I knew now that I wanted to be the most important of the girls my master liked to whip. I understood, as Master G and Miss Charlotte taught the girls of the Institute, that a dominant man such as Master Hendryk can and will reserve the right to discipline and enjoy more than one submissive concubine. But what I felt in the way he smiled at me, when I had asked him to be nice to my AI bed sister, seemed to promise that if I learned enough, and behaved myself according to his rules, my owner would prize me more highly… most highly, even.

An idea came into my mind, then: a picture of what Master Hendryk could do now that might help Candy, and might help me, too. It sent a shiver of forbidden arousal through me, so that despite his command I had to move my right hand a little, toward my pussy, and I couldn’t keep my fingers from rubbing a little at the place where I suddenly needed that pressure so very badly.

Master Hendryk’s eyes narrowed as they glanced downward to take in my lewd misconduct and then returned to my face. His smile quirked a little to the side.

“Are you hoping for a caning of your own, Renee?” he asked softly.

My eyes went wide again and I snatched my hand away.

“N-no, Master,” I stammered. “I just… I mean, I just thought of something you might do to help Candy.”

“Really,” he said, and the smile became enchantingly mobile, as if he couldn’t decide whether to laugh or to try to keep a straight face.

I bit my lip for a moment, chewed on it, thoroughly distracted by Master Hendryk’s lips and the thought that I could watch him smile for weeks. With difficulty I brought my mind back to the taboo picture in my mind.

“What if…” I started. I chewed on my lip a little more as a patient expression crept onto his face.
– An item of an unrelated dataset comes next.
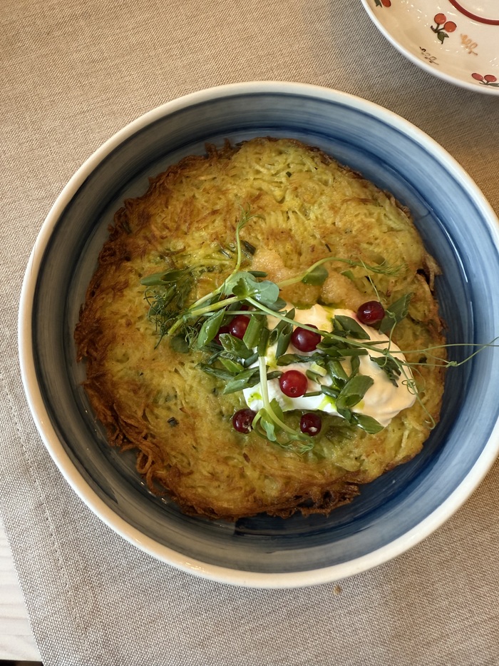 Ну и, конечно, сразу включился мой ресторанный критик. Я начал придирчиво рассматривать блюда и спрашивать у ребят из нашей компании, что они думают. Итак: салат немного жухловатый, а драник показался странным и жирным — здесь, наверное, больше вопрос вкуса.

My words came out in a rush, then. “What if you fucked her, and made me watch?”

I had seen it in my mind’s eye, and in that inner vision it had possessed a dark glamor that these words didn’t seem to do justice to. I had had to watch Master G fuck the other girls in my training group many times. I felt certain that Master Hendryk had fucked submissive bed girls in front of other submissive bed girls just as often. In my head, though, this idea had something more, darker, else… and to my surprised delight I could see in Master Hendryk’s face that he had grasped that element of my suggestion—that he could see why it would represent something taboo, obscene, and at the same time, for a couple like us, essential.